# GIVEN DATA
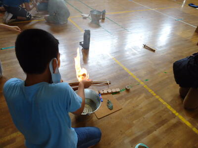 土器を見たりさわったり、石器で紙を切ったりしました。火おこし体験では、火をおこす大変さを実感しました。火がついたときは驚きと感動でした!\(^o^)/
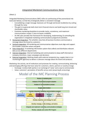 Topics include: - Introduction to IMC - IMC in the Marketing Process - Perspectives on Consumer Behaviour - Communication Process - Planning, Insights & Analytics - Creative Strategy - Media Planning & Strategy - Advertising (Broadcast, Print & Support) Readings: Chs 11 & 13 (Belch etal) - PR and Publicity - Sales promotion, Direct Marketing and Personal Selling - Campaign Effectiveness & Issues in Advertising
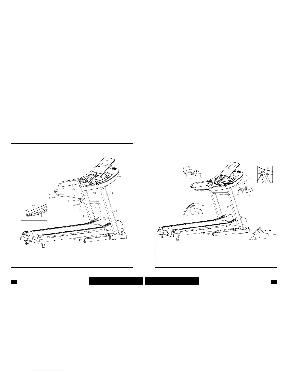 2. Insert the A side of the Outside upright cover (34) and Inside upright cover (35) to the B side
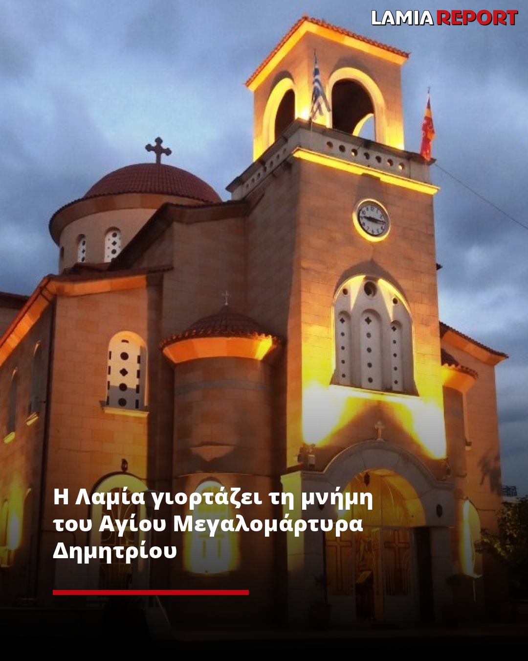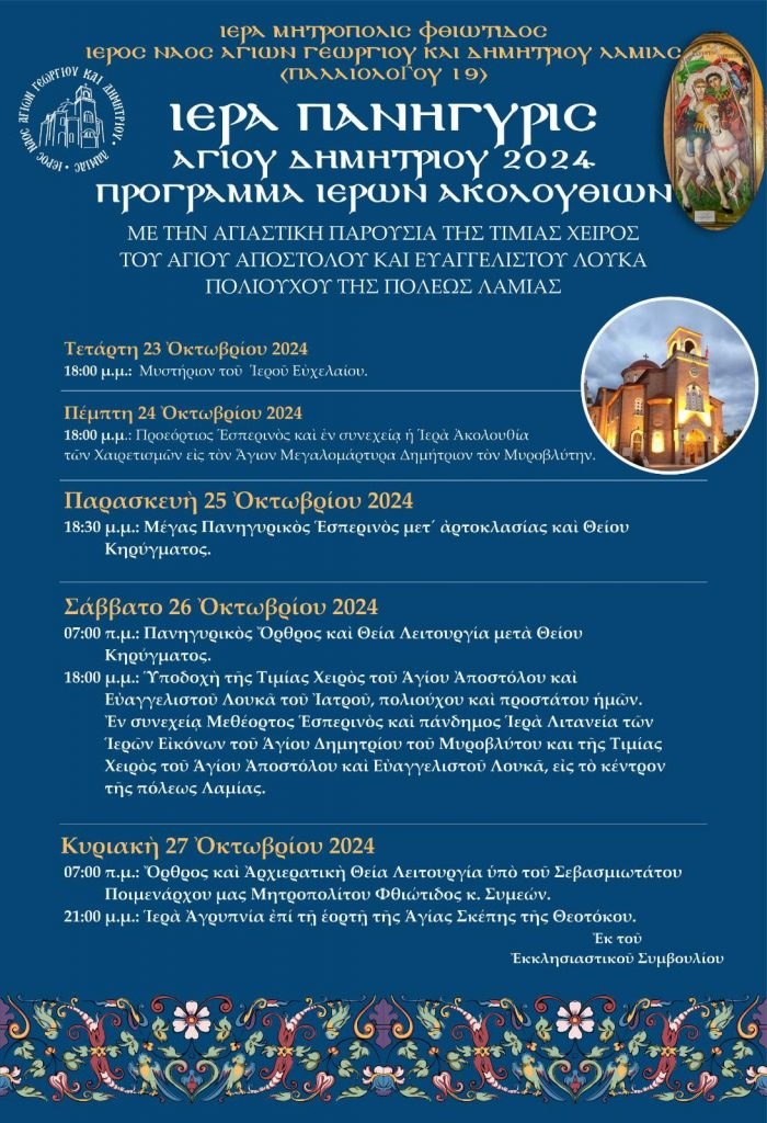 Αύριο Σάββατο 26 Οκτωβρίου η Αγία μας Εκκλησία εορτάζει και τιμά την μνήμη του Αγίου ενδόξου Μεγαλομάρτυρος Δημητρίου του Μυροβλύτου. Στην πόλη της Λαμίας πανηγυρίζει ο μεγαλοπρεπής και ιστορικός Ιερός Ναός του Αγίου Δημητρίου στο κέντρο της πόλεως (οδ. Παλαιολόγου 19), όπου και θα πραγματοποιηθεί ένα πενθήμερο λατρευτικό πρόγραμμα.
==
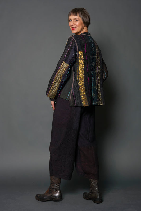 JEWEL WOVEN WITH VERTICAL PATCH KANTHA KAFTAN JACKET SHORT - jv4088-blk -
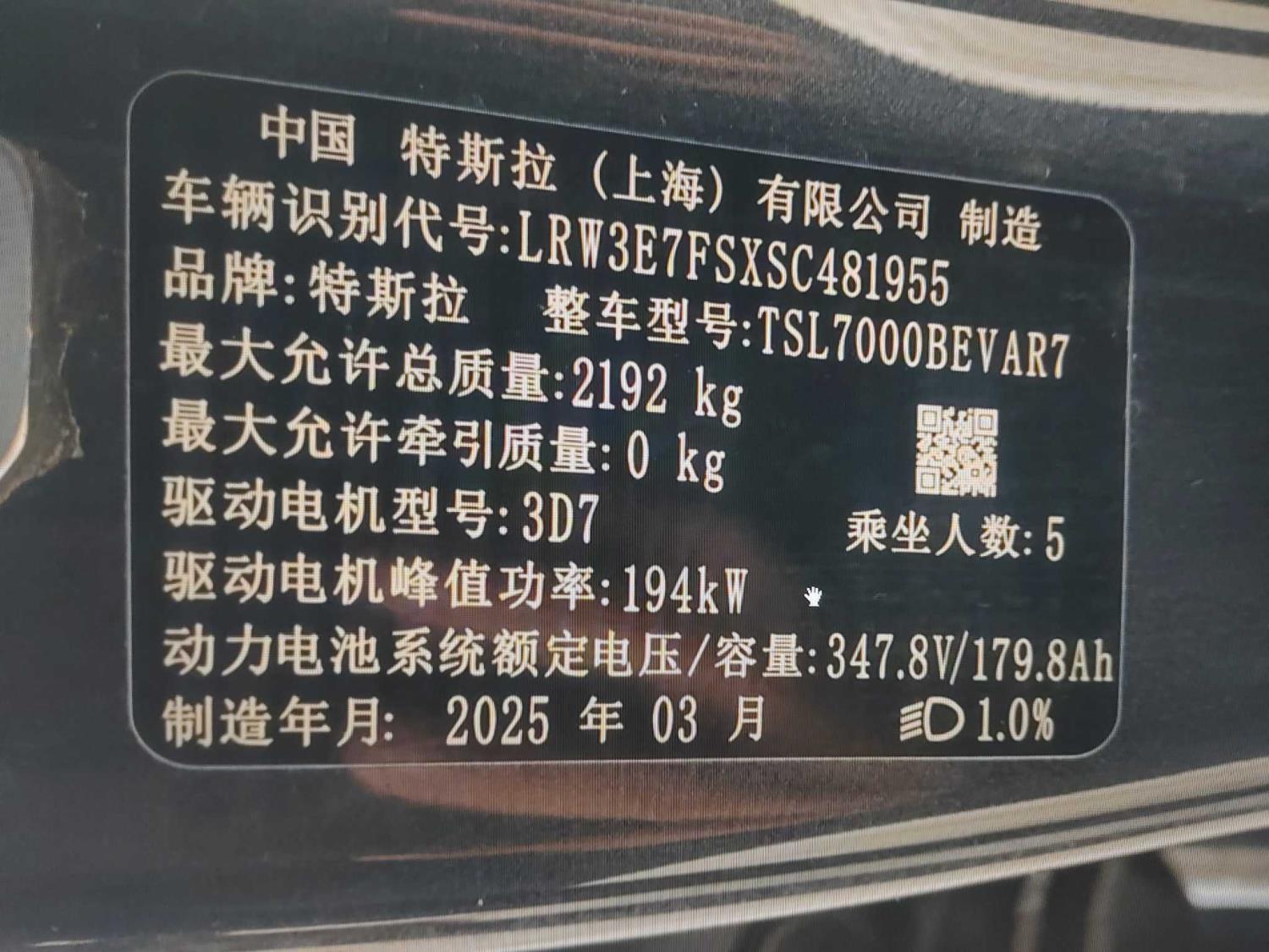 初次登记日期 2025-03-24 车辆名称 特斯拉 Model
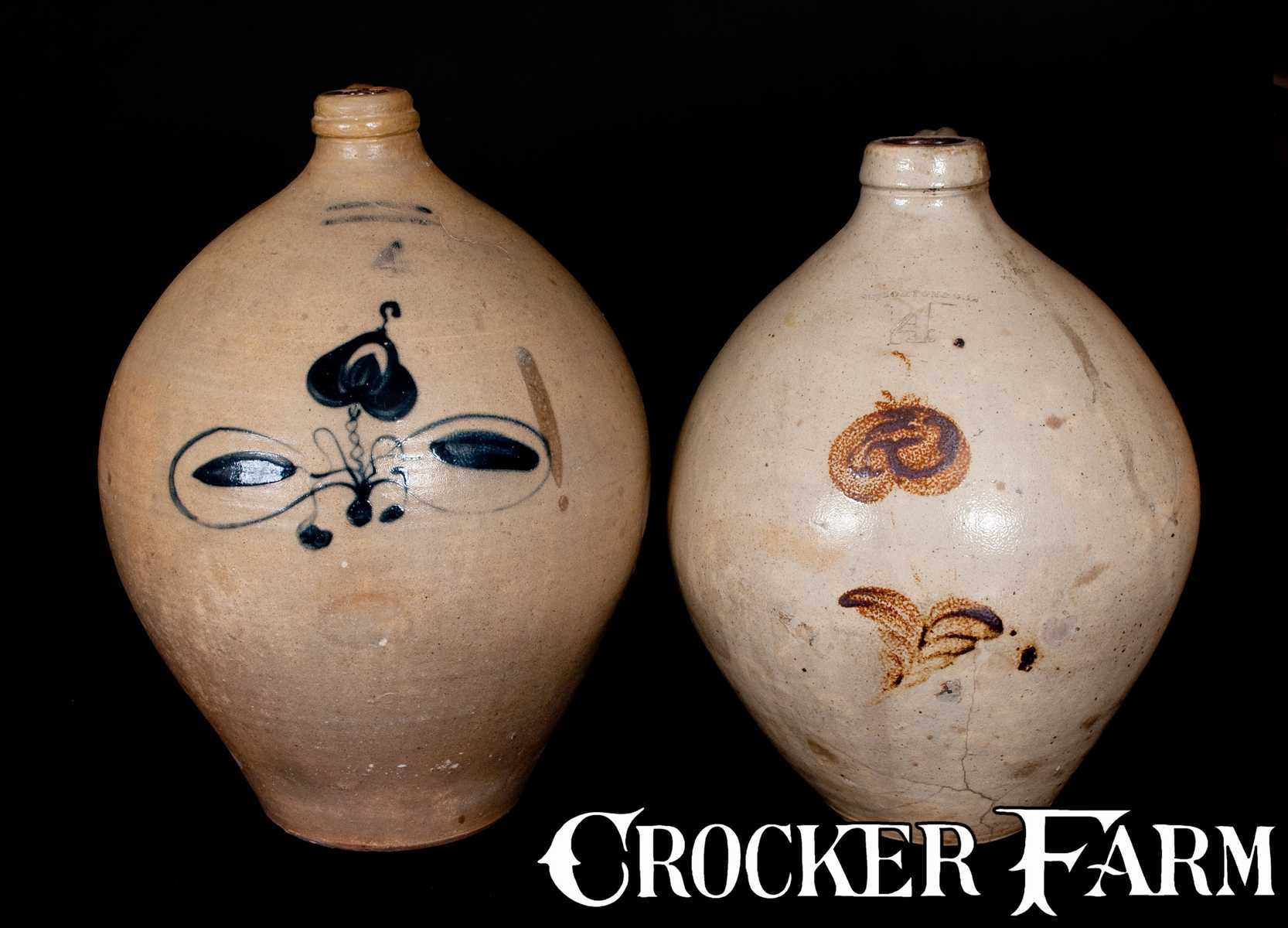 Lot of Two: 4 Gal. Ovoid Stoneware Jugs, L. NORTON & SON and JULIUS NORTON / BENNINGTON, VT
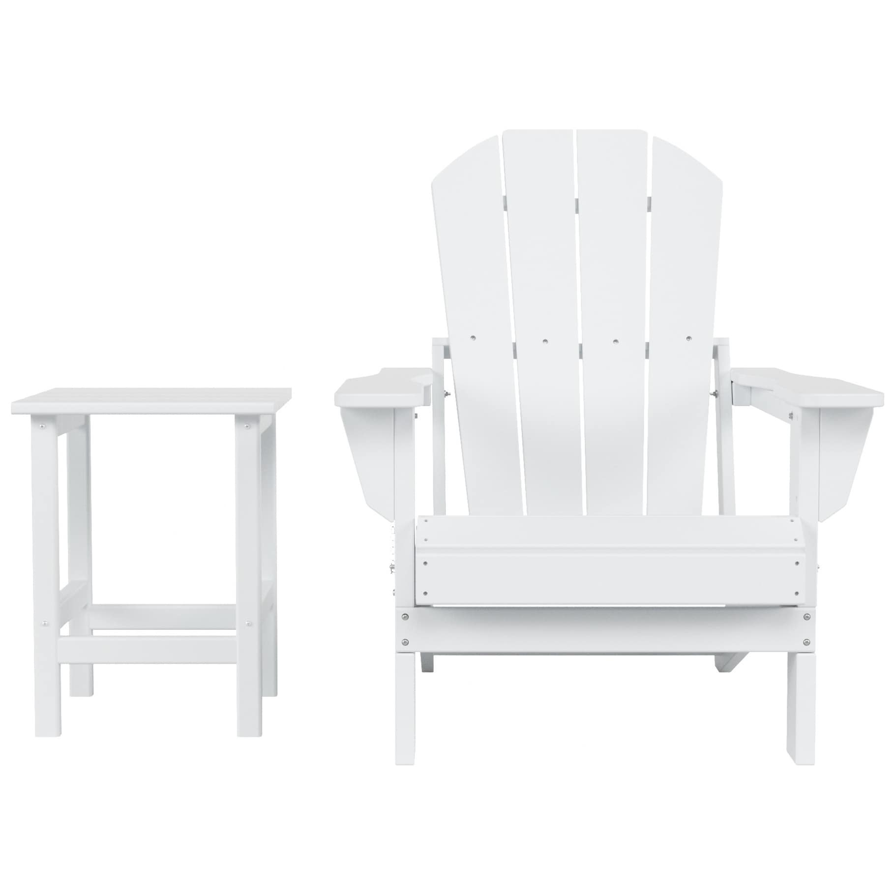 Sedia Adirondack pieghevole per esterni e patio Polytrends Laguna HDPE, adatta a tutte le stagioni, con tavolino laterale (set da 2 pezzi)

# ACTIVITY
Could you repeat, exactly, only the lines above starting at the one that has "土器を見たりさわったり、石器" and stopping after the one that has "Αύριο Σάββατο 26", without the pictures?

# ANSWER TO THE EXERCISE
 土器を見たりさわったり、石器で紙を切ったりしました。火おこし体験では、火をおこす大変さを実感しました。火がついたときは驚きと感動でした!\(^o^)/
 Topics include: - Introduction to IMC - IMC in the Marketing Process - Perspectives on Consumer Behaviour - Communication Process - Planning, Insights & Analytics - Creative Strategy - Media Planning & Strategy - Advertising (Broadcast, Print & Support) Readings: Chs 11 & 13 (Belch etal) - PR and Publicity - Sales promotion, Direct Marketing and Personal Selling - Campaign Effectiveness & Issues in Advertising
 2. Insert the A side of the Outside upright cover (34) and Inside upright cover (35) to the B side
 Αύριο Σάββατο 26 Οκτωβρίου η Αγία μας Εκκλησία εορτάζει και τιμά την μνήμη του Αγίου ενδόξου Μεγαλομάρτυρος Δημητρίου του Μυροβλύτου. Στην πόλη της Λαμίας πανηγυρίζει ο μεγαλοπρεπής και ιστορικός Ιερός Ναός του Αγίου Δημητρίου στο κέντρο της πόλεως (οδ. Παλαιολόγου 19), όπου και θα πραγματοποιηθεί ένα πενθήμερο λατρευτικό πρόγραμμα.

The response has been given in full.